Wednesday, December 14, 2011

We're in an economic whirlpool with no immediately conceivable way out

An addendum to yesterday's post with some additional observations referenced from Tavia Grant's report in The Globe and Mail today.

I suggested yesterday that we're in an economic whirlpool with no immediately conceivable way out, and Tavia suggests implicitly that what could suck us down to the bottom of that  pool is a significant jump in unemployment, falling house prices, rising interest rates or any combination of these - all of which I've mentioned as worrisome possibilities before in earlier posts, but which now take on a truly alarmist meaning.  Mark Carney also points out  that one in ten Canadians is in a vulnerable financial position, meaning that the cost of servicing debt consumes more than 40 per cent of his or her income.

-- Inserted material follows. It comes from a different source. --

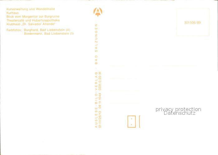 72263634 Liebenstein Arnstadt Kurverwaltung Wandelhalle Kurhaus Burgruine postalisch nicht gelaufen Erhaltung siehe scans KatCode: 11110016070033

Add to these observations everything I sadly offered yesterday, falling real wages, the lack of jobs and job creating initiatives, slipping stock prices, the absence of pensions in the case of many Canadians and, of those with them, a drop in their value because of eroding assets and we have ourselves an overwhelmingly serious economic crisis.

Why is it up to Mark Carney to tell it as it is? Where are President Harper and his bulldog, who, with the financial sector, are jointly responsible for this horrendous state of economic affairs? Would some courageous journalist please call them on this.

Note: Other stats from Stats Can that can be correlated with the above observations: The Daily, Tuesday, December 13, 2011. National balance sheet accounts 

1) Canadian household net worth declined 2.1% to $22.6 trillion, the second straight quarterly decline - probably because investment and pension assets declined.

2) Per capita household net worth dropped to $180,000 from$184,700 in the previous quarter.

3) Credit market debt  to assets reached a record high 20.1%.